Given information:
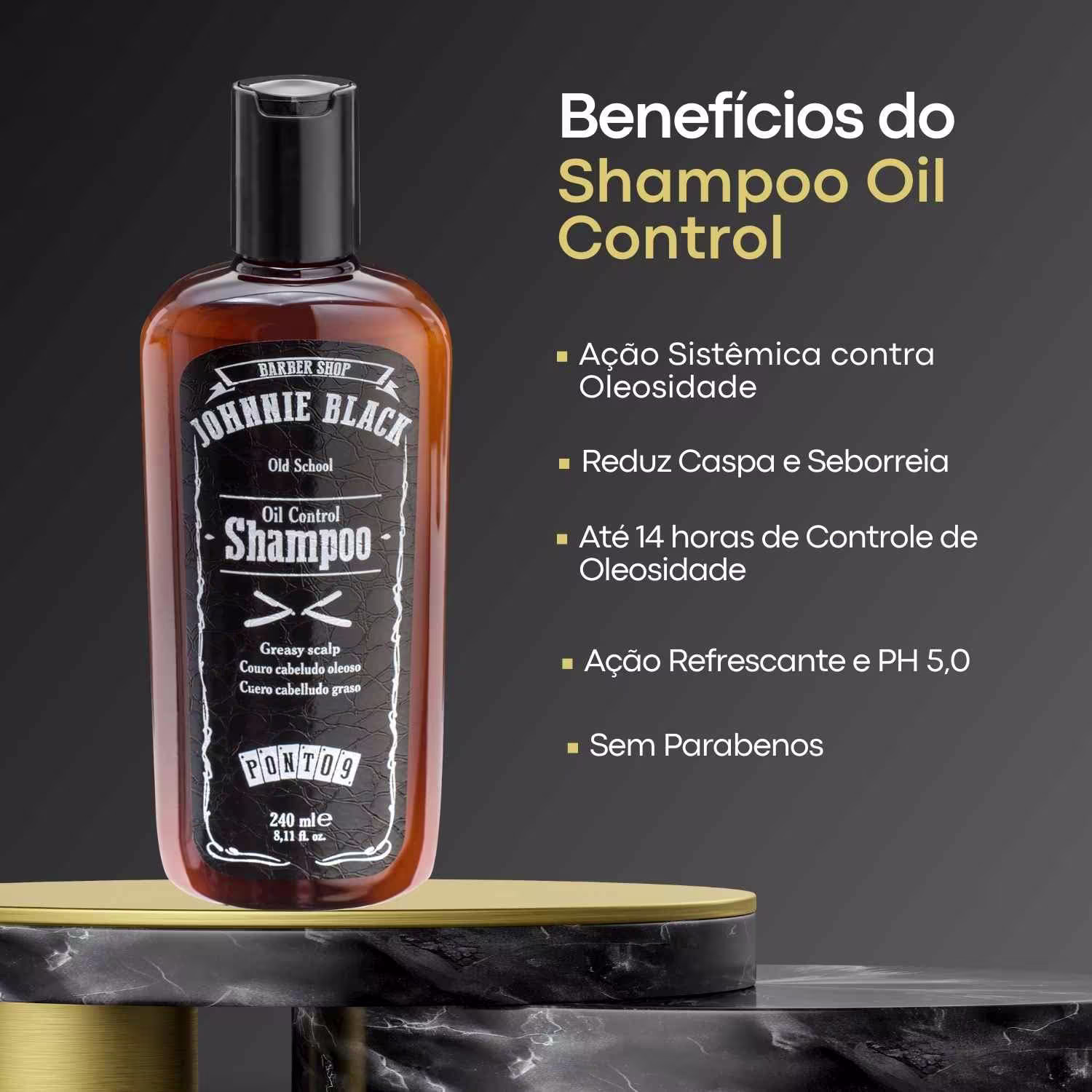 Johnnie Black Oil Control - Shampoo 240ml trata a oleosidade do couro cabeludo de dentro para fora, ou seja a ação inicia dentro do bulbo capilar atuando diretamente na glândula que produz a oleosidade.
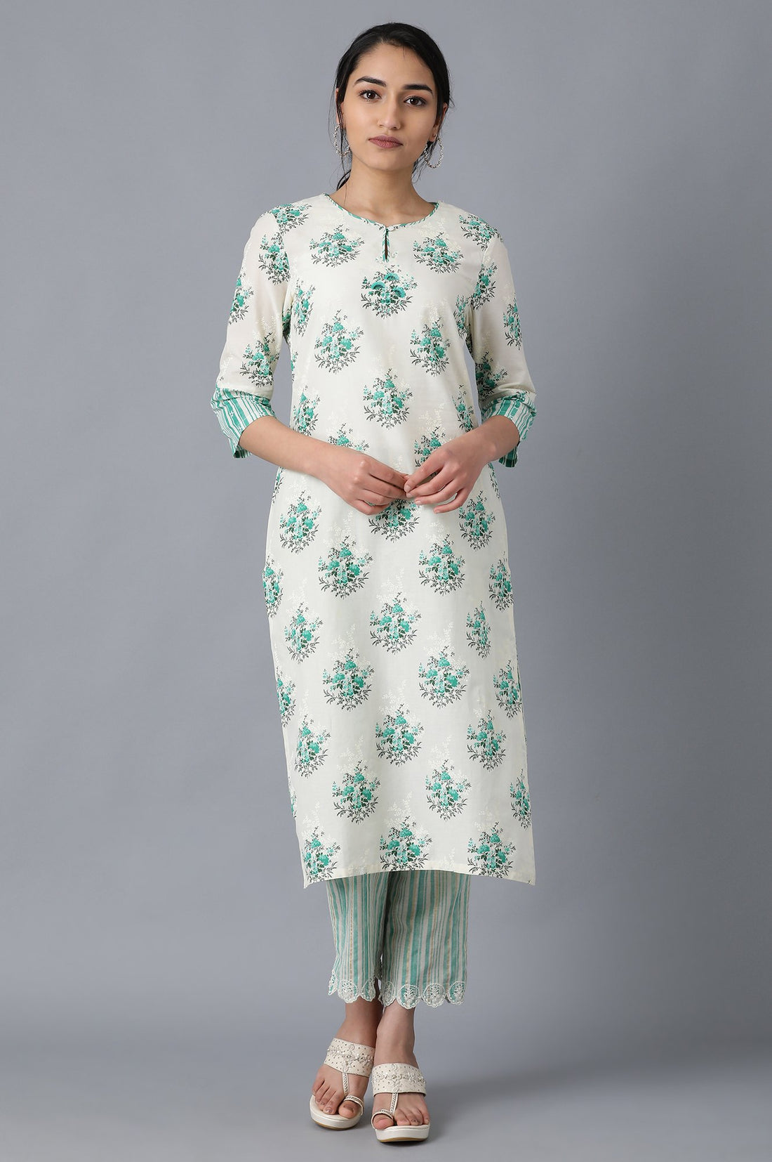 Discover the perfect blend of comfort and style with this ethnic kurta designed for women. The keyhole neckline adds a touch of elegance, while the three-quarter sleeves offer practicality and comfort. Crafted from 100% pure cotton, this kurta ensures breathability and softness against the skin. The woven construction technique enhances the durability of the garment. The pristine white color serves as a beautiful canvas for the delicate floral print, adding a feminine and fresh appeal. The straight silhouette flatters various body types and allows for ease of movement. Ideal for casual outings, this kurta combines traditional ethnic elements with contemporary design, making it a versatile addition to your wardrobe.
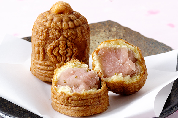 ピンクの桜あんをふんわり柔らかな伝統カステラ生地で包みました。刻んだ桜葉の清々しい香りが口の中に広がります。

What you are asked to do:
Each line from the line containing "Discover the perfect" through the last line above must be written out exactly, and every picture must be omitted.

Exercise output:
 Discover the perfect blend of comfort and style with this ethnic kurta designed for women. The keyhole neckline adds a touch of elegance, while the three-quarter sleeves offer practicality and comfort. Crafted from 100% pure cotton, this kurta ensures breathability and softness against the skin. The woven construction technique enhances the durability of the garment. The pristine white color serves as a beautiful canvas for the delicate floral print, adding a feminine and fresh appeal. The straight silhouette flatters various body types and allows for ease of movement. Ideal for casual outings, this kurta combines traditional ethnic elements with contemporary design, making it a versatile addition to your wardrobe.
 ピンクの桜あんをふんわり柔らかな伝統カステラ生地で包みました。刻んだ桜葉の清々しい香りが口の中に広がります。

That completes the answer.